EXERCISE INSTRUCTIONS>
Wherever a picture appears in the listing below, leave it out and reproduce the rest exactly.

DATA EXTRACT>
_ _ _ _ _

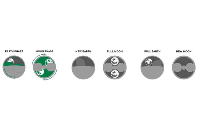 To The Moonphase的基礎上加入錶壇過去還沒有品牌發明過的地相顯示功能。究竟什麼是
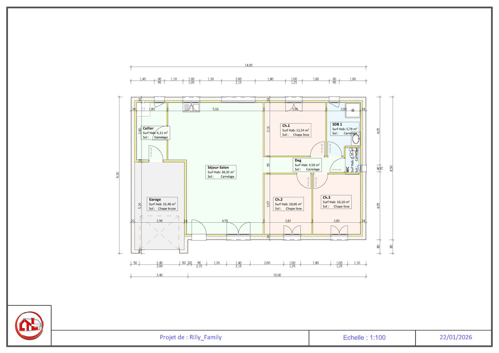 Rilly Family 89 est un modèle pensé pour le confort au quotidien : une grande pièce de vie d'environ 40 m², 3 chambres bien proportionnées et un garage. Un plan simple, efficace et évolutif, idéal pour un projet maîtrisé et un budget optimisé.
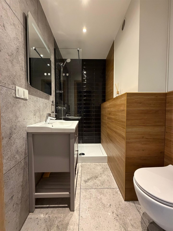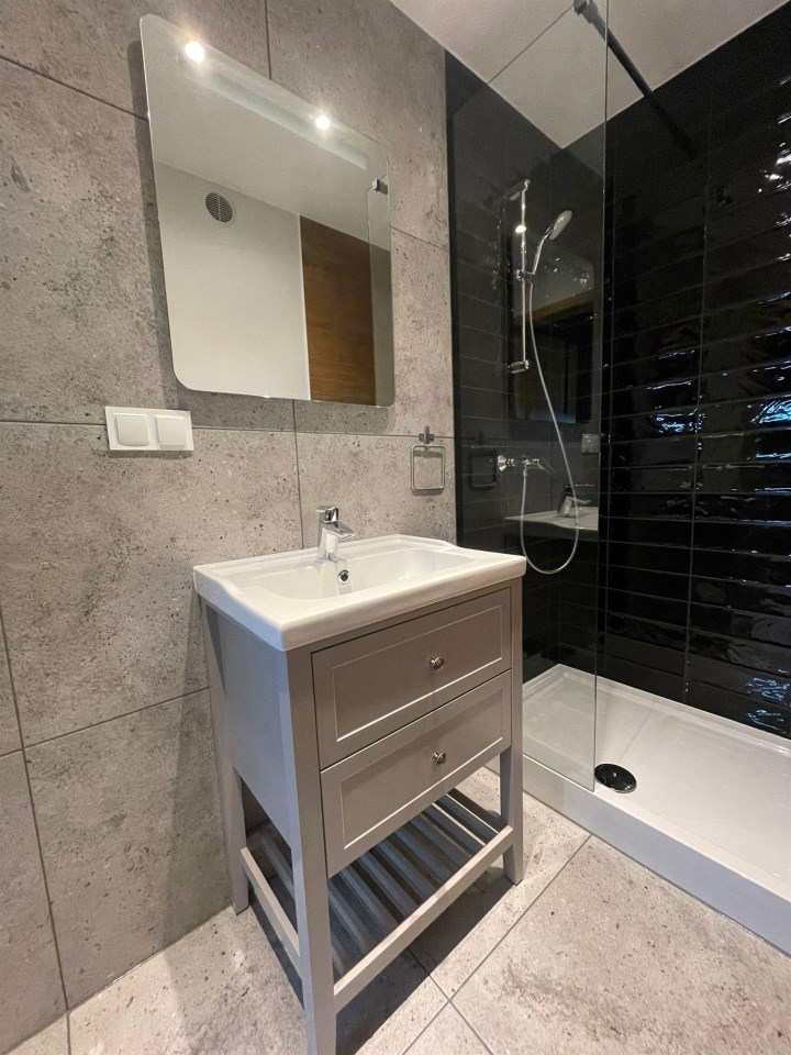 Jest duża szafa, szafka rtv, kanapa rozkładana z miejscem na pościel, kuchnia w zabudowie (płyta indukcyjna, piekarnik, zmywarka, pralka), w łazience dodatkowa szafka.

_ _ _ _ _

ANSWER BOX>
 To The Moonphase的基礎上加入錶壇過去還沒有品牌發明過的地相顯示功能。究竟什麼是
 Rilly Family 89 est un modèle pensé pour le confort au quotidien : une grande pièce de vie d'environ 40 m², 3 chambres bien proportionnées et un garage. Un plan simple, efficace et évolutif, idéal pour un projet maîtrisé et un budget optimisé.
 Jest duża szafa, szafka rtv, kanapa rozkładana z miejscem na pościel, kuchnia w zabudowie (płyta indukcyjna, piekarnik, zmywarka, pralka), w łazience dodatkowa szafka.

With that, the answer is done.